RECORDS TO USE

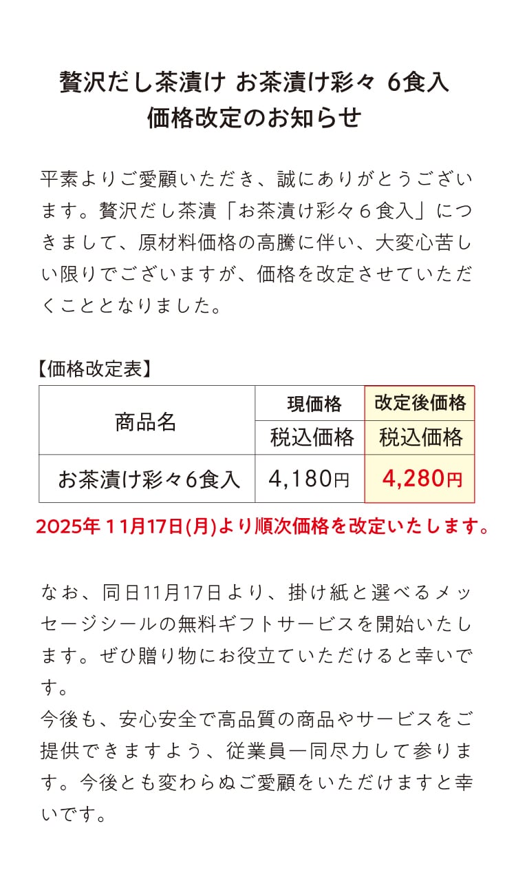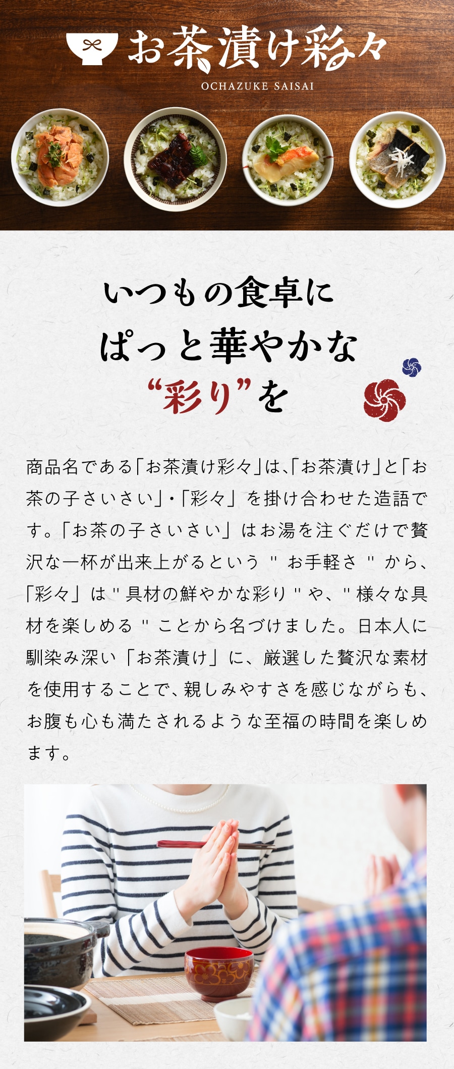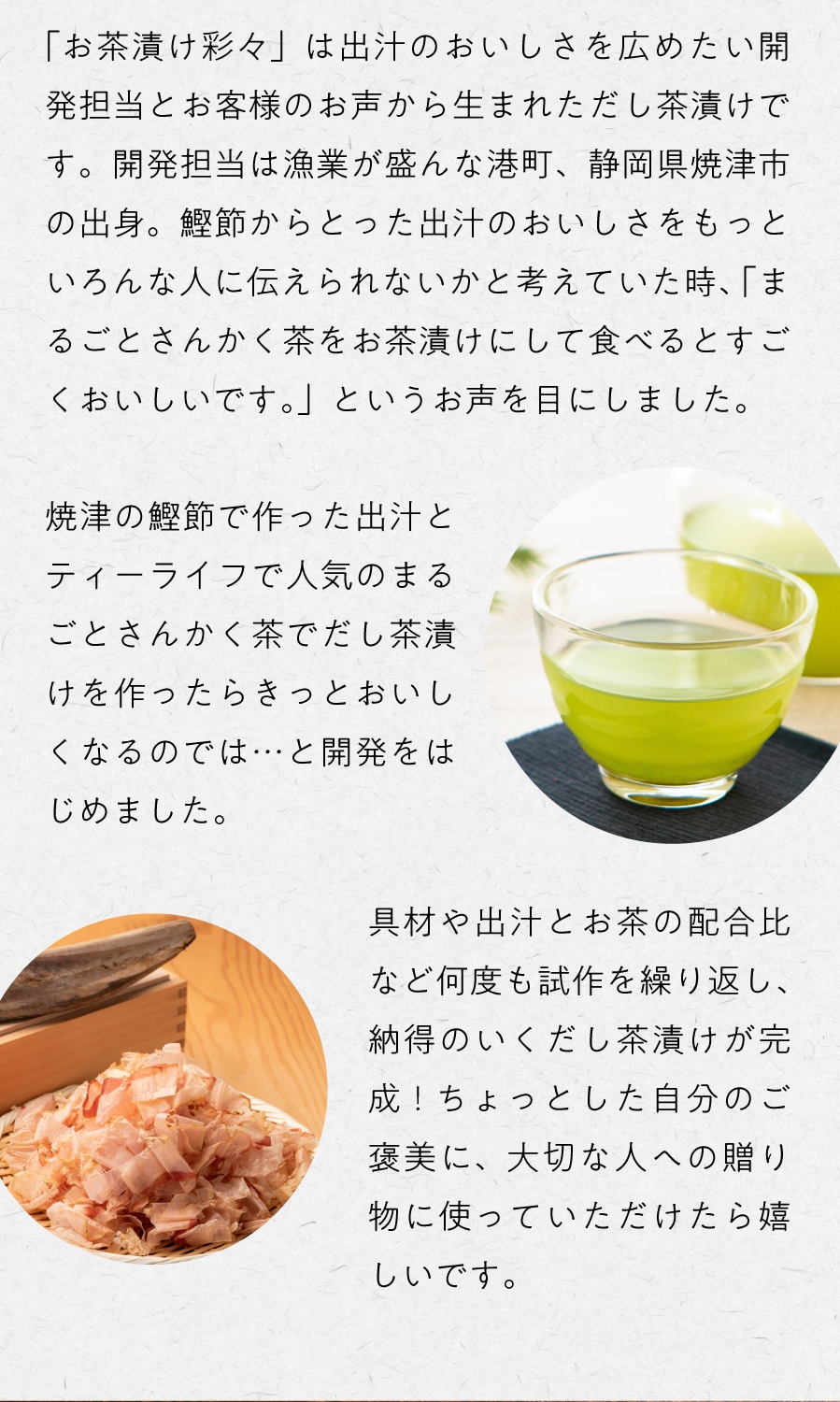 ▽検索キーワード お茶漬け彩々 贅沢 厳選 国産素材 お茶漬け ゆず金目鯛 鰻山椒 金華鯖 銀鮭 鯛 タイ 鰻 うなぎ 鯖 サバ 鮭 サケ 保存料不使用 化学調味料不使用 静岡 お茶屋 焼津市 老舗 鰹節屋 出汁 鰹節 焼きあご煮干し さば節 昆布 緑茶ブレンド 緑茶 深蒸し茶 石臼挽き抹茶 煎り米 冷やし茶漬け 冬 お歳暮 お年賀 人気 手軽 専用 ギフトボックス 熨斗 食事 食品 高級食品 グルメ お取り寄せ 送料無料 ティーライフ ▽用途例 ギフト プチギフト プレゼント 贈り物 贈答品 まだ間に合う 御挨拶 ご挨拶 ごあいさつ 心ばかり 進物 寸志 ありがとう おめでとう 手土産 お土産 お返し お礼 御礼 お祝い 御祝 内祝い 結婚式 結婚内祝い 結婚祝い 引き菓子 引き出物 引出物 出産 出産内祝い 出産祝い 引越しご挨拶 新築内祝い 新築祝い 新生活 入学祝い 卒業祝い 就職祝い 快気祝い 快気内祝い 全快祝い 退院祝い 七五三内祝い 初節句内祝い お宮参り 志 御供 御見舞 御見舞御礼 御仏前 香典返し 成人式 七五三 引っ越し 引越し お年賀 御年賀 御年始 お正月 御正月 新年 新年会 暑中見舞い 暑中御見舞 初盆 お盆 お中元 御中元 寒中見舞い 寒中御見舞い お歳暮 御歳暮 忘年会 春ギフト 夏ギフト 秋ギフト 冬ギフト 誕生日 誕生日プレゼント 誕プレ バースデー バレンタイン ホワイトデー ゴールデンウィーク 七夕 ハロウィン クリスマス クリスマスプレゼント 父の日 母の日 父 母 お父さん お母さん 敬老の日 祖父 祖母 おじいちゃん おばあちゃん 還暦 還暦祝い 華甲 古希 喜寿 傘寿 米寿 卒寿 白寿 茶寿 男性 旦那 夫 彼氏 男友達 男友だち 伯父 叔父 女性 嫁 妻 彼女 女友達 女友だち 伯母 叔母 兄弟 姉妹 家族 親戚 夫婦 金婚式 銀婚式 お餞別 帰省 帰省土産 PTA 先生 小学校 中学校 高校 大学 社会人 先輩 後輩 上司 上長 来客 送迎 職場 取引先 成約記念 契約記念 新歓 歓迎会 定年退職 退職 転職 転勤 異動 謝罪 二次会 イベント ノベルティ ビンゴ 景品 記念品 フォーマル 迷ったらコレ |
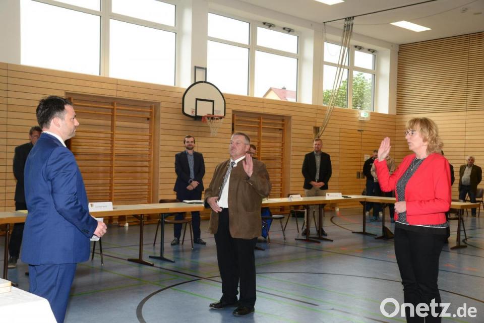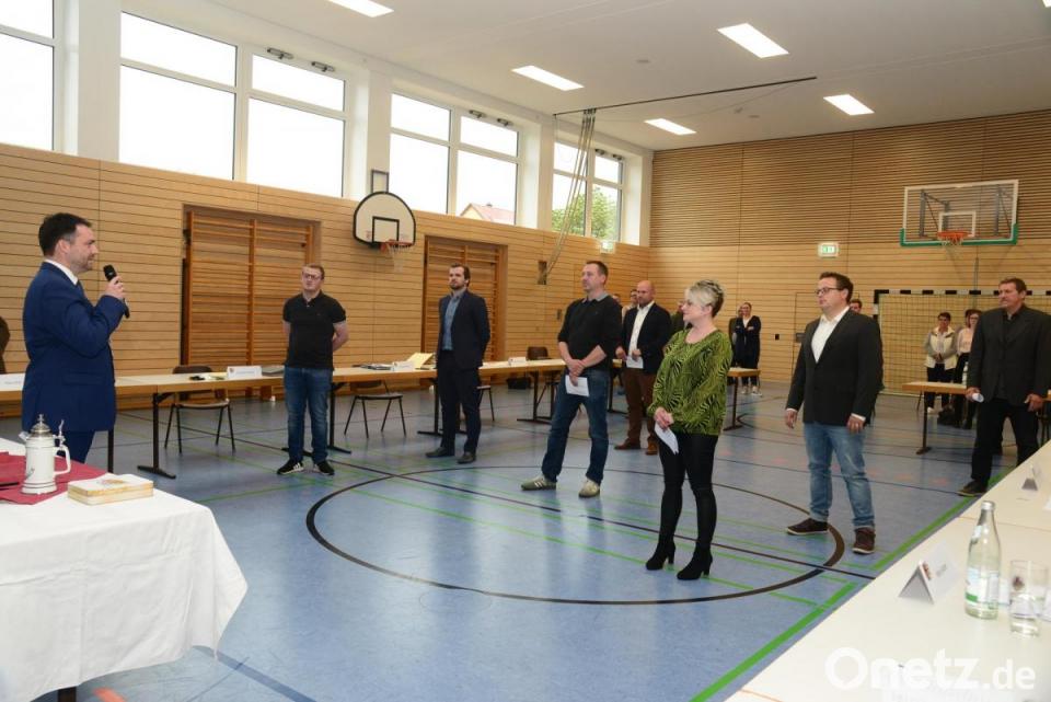 Marktrat Christoph Hösl, ältestes Mitglied des Marktrat, oblag die Pflicht, Hartl zu vereidigen, der dann wiederum die neuen Gremiumsmitglieder Julia Bayer, Maximilian Hotek, Benedikt Lindner, Christopher Mayer, Reinhard Püttner, Georg Schärtl und Günther Weiß vereidigte. Die wiedergewählte Markträtin Christine Post hatte am 28. April schriftlich ihren Rücktritt von diesem Amt erklärt. Nachrücker ist Bastian Braun, der in der Turnhalle Luhe vom Platz des Zuhörers an den Tisch der Räte wechselte.
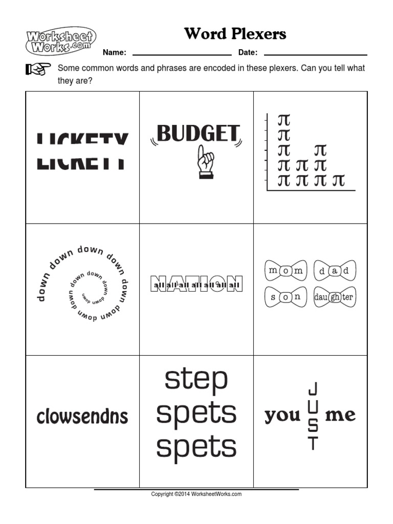Dingbats are a form of rebus puzzle also knowns as whatzits. One in a million please try and solve each rebus puzzle, writing your answer in the grey box provided. Most of our puzzles are intended for classroom as well as home use, so teachers and home schoolers are sure to find what they need. Santa can be transformed to spell satan. Each decode hint may suggest to: The word been might be depicted by a rebus showing an illustrated bumblebee next to a plus sign (+) and the letter n. The original set of letters may be a word itself, or simply a jumble. Some of the worksheets displayed are wackie wordies 57 wackie wordies 60 wacky wordies answer wacky wordies each of the puzzles below is a visual solutions work 1 molarity answer key chair t i s read. At puzzles to print you will find hundreds of printable puzzles that are absolutely free and ready to print, as well as pdf puzzle books that are easy to purchase and download. Open your mind and think outside the box! Feb 07, 2020 · blue gold banquet dinner printable rebus word puzzle preopener for the blue and gold cub scout banquet printable party game brain teaser see more. Rebus puzzles from puzzle to print free rebus puzzles printable offline games worksheets for 3rd grade students. Word scrambles can be used as educational tools or just to add a challenging activity to the day.
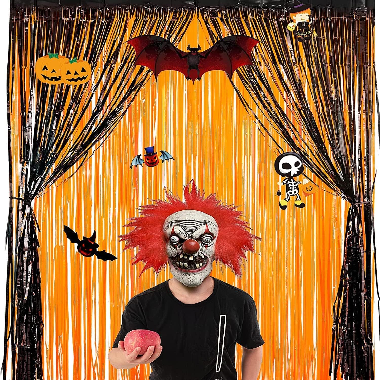 Foil Fringe Curtains Halloweens Decorations - Orange Tinsel Photo Backdrop Party Streamers for St Patricks Day, Easter, Birthdays, Fall, Pumpkin Theme, Thanksgiving, Basketball Party Decorations
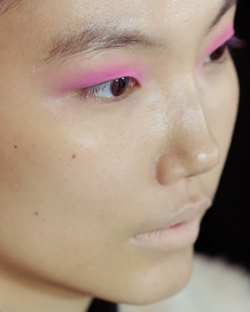 The scene at Brandon Maxwell, which called for a 9:30am arrival time backstage, was surprisingly chill—the backstage theatrics we were promised from the likes of Project Runway and America’s Next Top Model were nowhere to be seen. Instead, lead makeup artist Fulvia Farolfi and her team quietly plugged away on a very minimal look. The drama-free makeup was anchored by a wash of Merit products, including their much-talked-about blush balm in Terracotta, which, after a hiatus, returned to store shelves just in time to coincide with fashion week. On nails, Jin Soon went for a bare look that was not actually bare—a clear matte top cat was involved. And then there was the hair, which also kept a literal low profile in a neck-grazing bun.
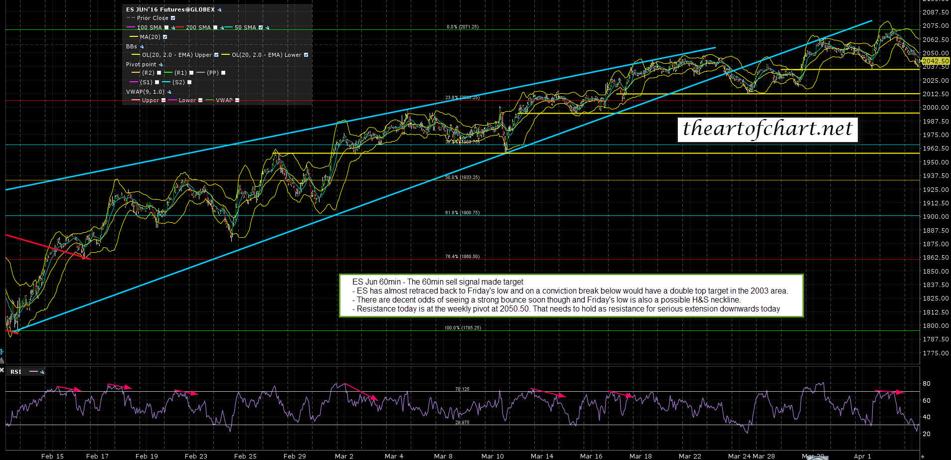 My Crazytown short trade from 2070 ES yesterday morning delivered nicely and ES broke below the weekly pivot at 2050.50 overnight. The key support levels on SPX this morning are the 50 hour MA at 2052, being tested at the open, and possible double top support at Friday’s low at 2043.98. If bears can convert the 50 hour MA at 2052 to resistance then that opens up lower targets. Today is a possible cycle trend day so it’s possible we could see a hard fail today from an AM high. SPX 60min chart:
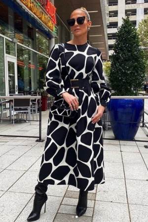 Певица подобрала черно-белое платье с принтом жирафьего окраса от Valentino с длинным рукавом длины миди. Образ Лопес дополнила массивным поясом на талии с золотой пряжкой, высокими черными сапогами на шпильке, массивными круглыми сережками и большими черными очками.
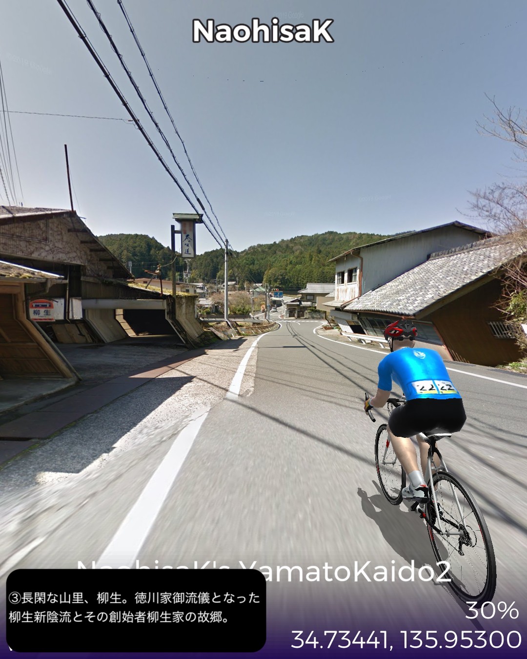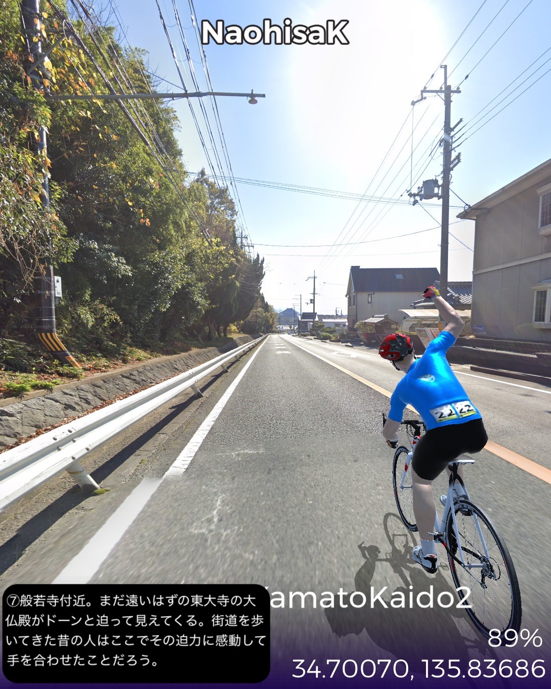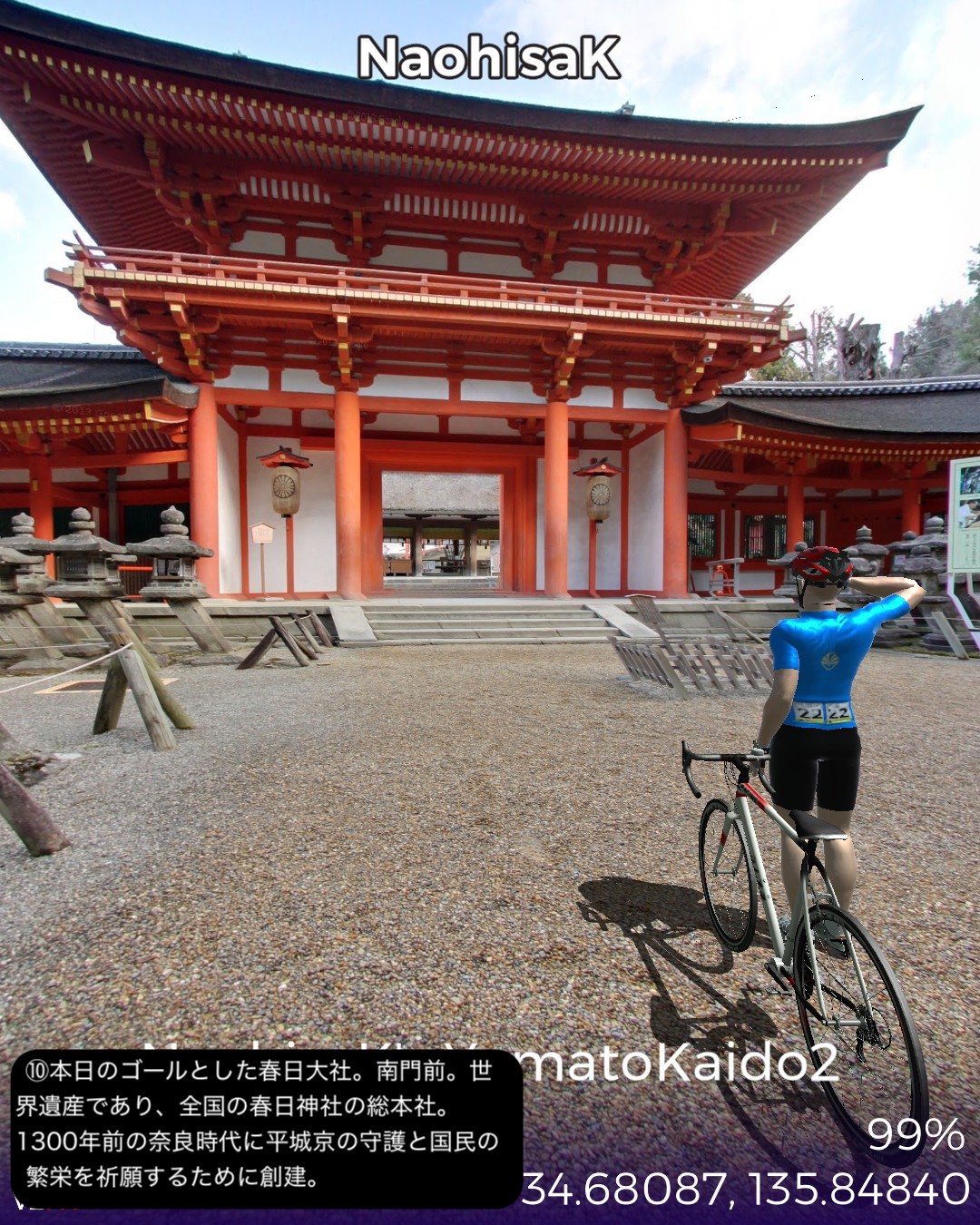 VRサイクリング、大和街道2日目。JR関西本線の月ヶ瀬口付近より奈良を目指すが、実はほとんど大和街道を逸脱して、柳生の里と当尾の岩船寺、浄瑠璃寺を経由するルートで奈良の東大寺の周囲を回り奈良公園を突っ切って春日大社に至る40kmの行程。この間、大和街道としては若干ルートの面白味に欠けるので、リアルに訪れたことのない柳生の里と当尾に寄り道してみた。これらの名所周辺でフォトジェニックな風景を期待していたのだが、今回はかなり肩透かしだったかな。良さげな場所から若干外れた場所を通っちゃってるのだよね。東大寺もぐるっと周囲を回ったが大仏殿を近くで見れる場所がなかった。唯一春日大社だけは中の中まで入ることができた。それでも途中通過してきた山里の風景には心和んだ。まあとにかく奈良まで来ました。次回からは暗越(くらがりごえ)奈良街道で再度大阪を目指すが、またまた懲りもせずその1日目は脱線寄り道名所巡り大会を予定。

WHAT TO WORK ON
Please repeat everything in the data above except the pictures, exactly as it reads.

SOLUTION FOR THIS EXERCISE
 ▽検索キーワード お茶漬け彩々 贅沢 厳選 国産素材 お茶漬け ゆず金目鯛 鰻山椒 金華鯖 銀鮭 鯛 タイ 鰻 うなぎ 鯖 サバ 鮭 サケ 保存料不使用 化学調味料不使用 静岡 お茶屋 焼津市 老舗 鰹節屋 出汁 鰹節 焼きあご煮干し さば節 昆布 緑茶ブレンド 緑茶 深蒸し茶 石臼挽き抹茶 煎り米 冷やし茶漬け 冬 お歳暮 お年賀 人気 手軽 専用 ギフトボックス 熨斗 食事 食品 高級食品 グルメ お取り寄せ 送料無料 ティーライフ ▽用途例 ギフト プチギフト プレゼント 贈り物 贈答品 まだ間に合う 御挨拶 ご挨拶 ごあいさつ 心ばかり 進物 寸志 ありがとう おめでとう 手土産 お土産 お返し お礼 御礼 お祝い 御祝 内祝い 結婚式 結婚内祝い 結婚祝い 引き菓子 引き出物 引出物 出産 出産内祝い 出産祝い 引越しご挨拶 新築内祝い 新築祝い 新生活 入学祝い 卒業祝い 就職祝い 快気祝い 快気内祝い 全快祝い 退院祝い 七五三内祝い 初節句内祝い お宮参り 志 御供 御見舞 御見舞御礼 御仏前 香典返し 成人式 七五三 引っ越し 引越し お年賀 御年賀 御年始 お正月 御正月 新年 新年会 暑中見舞い 暑中御見舞 初盆 お盆 お中元 御中元 寒中見舞い 寒中御見舞い お歳暮 御歳暮 忘年会 春ギフト 夏ギフト 秋ギフト 冬ギフト 誕生日 誕生日プレゼント 誕プレ バースデー バレンタイン ホワイトデー ゴールデンウィーク 七夕 ハロウィン クリスマス クリスマスプレゼント 父の日 母の日 父 母 お父さん お母さん 敬老の日 祖父 祖母 おじいちゃん おばあちゃん 還暦 還暦祝い 華甲 古希 喜寿 傘寿 米寿 卒寿 白寿 茶寿 男性 旦那 夫 彼氏 男友達 男友だち 伯父 叔父 女性 嫁 妻 彼女 女友達 女友だち 伯母 叔母 兄弟 姉妹 家族 親戚 夫婦 金婚式 銀婚式 お餞別 帰省 帰省土産 PTA 先生 小学校 中学校 高校 大学 社会人 先輩 後輩 上司 上長 来客 送迎 職場 取引先 成約記念 契約記念 新歓 歓迎会 定年退職 退職 転職 転勤 異動 謝罪 二次会 イベント ノベルティ ビンゴ 景品 記念品 フォーマル 迷ったらコレ |
 Marktrat Christoph Hösl, ältestes Mitglied des Marktrat, oblag die Pflicht, Hartl zu vereidigen, der dann wiederum die neuen Gremiumsmitglieder Julia Bayer, Maximilian Hotek, Benedikt Lindner, Christopher Mayer, Reinhard Püttner, Georg Schärtl und Günther Weiß vereidigte. Die wiedergewählte Markträtin Christine Post hatte am 28. April schriftlich ihren Rücktritt von diesem Amt erklärt. Nachrücker ist Bastian Braun, der in der Turnhalle Luhe vom Platz des Zuhörers an den Tisch der Räte wechselte.
Dingbats are a form of rebus puzzle also knowns as whatzits. One in a million please try and solve each rebus puzzle, writing your answer in the grey box provided. Most of our puzzles are intended for classroom as well as home use, so teachers and home schoolers are sure to find what they need. Santa can be transformed to spell satan. Each decode hint may suggest to: The word been might be depicted by a rebus showing an illustrated bumblebee next to a plus sign (+) and the letter n. The original set of letters may be a word itself, or simply a jumble. Some of the worksheets displayed are wackie wordies 57 wackie wordies 60 wacky wordies answer wacky wordies each of the puzzles below is a visual solutions work 1 molarity answer key chair t i s read. At puzzles to print you will find hundreds of printable puzzles that are absolutely free and ready to print, as well as pdf puzzle books that are easy to purchase and download. Open your mind and think outside the box! Feb 07, 2020 · blue gold banquet dinner printable rebus word puzzle preopener for the blue and gold cub scout banquet printable party game brain teaser see more. Rebus puzzles from puzzle to print free rebus puzzles printable offline games worksheets for 3rd grade students. Word scrambles can be used as educational tools or just to add a challenging activity to the day.
 Foil Fringe Curtains Halloweens Decorations - Orange Tinsel Photo Backdrop Party Streamers for St Patricks Day, Easter, Birthdays, Fall, Pumpkin Theme, Thanksgiving, Basketball Party Decorations
 The scene at Brandon Maxwell, which called for a 9:30am arrival time backstage, was surprisingly chill—the backstage theatrics we were promised from the likes of Project Runway and America’s Next Top Model were nowhere to be seen. Instead, lead makeup artist Fulvia Farolfi and her team quietly plugged away on a very minimal look. The drama-free makeup was anchored by a wash of Merit products, including their much-talked-about blush balm in Terracotta, which, after a hiatus, returned to store shelves just in time to coincide with fashion week. On nails, Jin Soon went for a bare look that was not actually bare—a clear matte top cat was involved. And then there was the hair, which also kept a literal low profile in a neck-grazing bun.
 My Crazytown short trade from 2070 ES yesterday morning delivered nicely and ES broke below the weekly pivot at 2050.50 overnight. The key support levels on SPX this morning are the 50 hour MA at 2052, being tested at the open, and possible double top support at Friday’s low at 2043.98. If bears can convert the 50 hour MA at 2052 to resistance then that opens up lower targets. Today is a possible cycle trend day so it’s possible we could see a hard fail today from an AM high. SPX 60min chart:
 Певица подобрала черно-белое платье с принтом жирафьего окраса от Valentino с длинным рукавом длины миди. Образ Лопес дополнила массивным поясом на талии с золотой пряжкой, высокими черными сапогами на шпильке, массивными круглыми сережками и большими черными очками.
 VRサイクリング、大和街道2日目。JR関西本線の月ヶ瀬口付近より奈良を目指すが、実はほとんど大和街道を逸脱して、柳生の里と当尾の岩船寺、浄瑠璃寺を経由するルートで奈良の東大寺の周囲を回り奈良公園を突っ切って春日大社に至る40kmの行程。この間、大和街道としては若干ルートの面白味に欠けるので、リアルに訪れたことのない柳生の里と当尾に寄り道してみた。これらの名所周辺でフォトジェニックな風景を期待していたのだが、今回はかなり肩透かしだったかな。良さげな場所から若干外れた場所を通っちゃってるのだよね。東大寺もぐるっと周囲を回ったが大仏殿を近くで見れる場所がなかった。唯一春日大社だけは中の中まで入ることができた。それでも途中通過してきた山里の風景には心和んだ。まあとにかく奈良まで来ました。次回からは暗越(くらがりごえ)奈良街道で再度大阪を目指すが、またまた懲りもせずその1日目は脱線寄り道名所巡り大会を予定。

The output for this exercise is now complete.